More than 400 million people worldwide live with a rare disease, and nearly 50% of rare disease patients are children. Many face a lifetime of health and personal challenges – pain, loss of physical or mental abilities, and limited access to care, usually with no available treatments. With a focus on maximizing profits, the commercial model used to develop drugs means that there is no hope on the horizon for many of these patients.
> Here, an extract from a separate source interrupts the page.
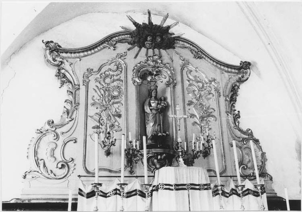 Panneau de boiserie servant de retable (fonctions combinées). Bois repeint et doré. Ce vaste panneau par sa forme et l'exhubérance de son décor, surprenant et monumental témoignage de l'art de la rocaille, couvre le mur du fond du sanctuaire au-dessus d'une boiserie à laquelle il n'est pas lié par son échelle, tout en l'étant par son style. Il a pour centre une niche abritant une médiocre statue de la Vierge portée sur une large console. De part et d'autre, deux hauts panneaux sont remplis par des chutes d'objets du culte mêlées de palmes, d'épis et de pampres. Les flanquent deux puissants ailerons aux amples volutes liées à leur partie supérieure par des agrafes de feuillages à une corniche chantournée, entièrement sculptée en sa gorge, et coupée à son sommet d'une masse de nuages rayonnants d'où sortent des têtes d'angelots ailées.
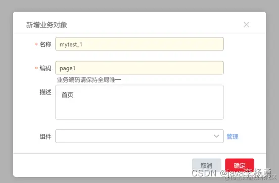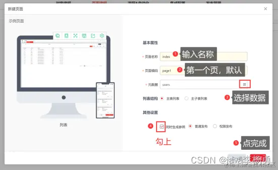 新建页面的最后一个步骤,需要输入页面的名称以及元数据,这个元可以理解成源,也就是我们创建的实体表。我们用普通发布就可以了,最后点击完成。

Odylia Therapeutics is a nonprofit organization working in a traditionally profit-driven space. Odylia develops genetic-targeting treatments for rare diseases using a highly focused and nimble approach. Our two core services, Odylia’s Gene Therapy Pipeline and Brydge Solutions work hand-in-hand to move treatments from an early research phase to clinical trials. We are challenging the traditional for-profit approach to drug development, bringing together the communities that will advance drug development programs more efficiently and with aligned interests. By leveraging the strengths of patient advocates, industry partners, and academic research centers, we reduce barriers and streamline drug development. We know that the technologies to treat the genetic causes of many rare diseases are available right now. The Odylia nonprofit drug development model can make it possible for these therapeutics to reach patients.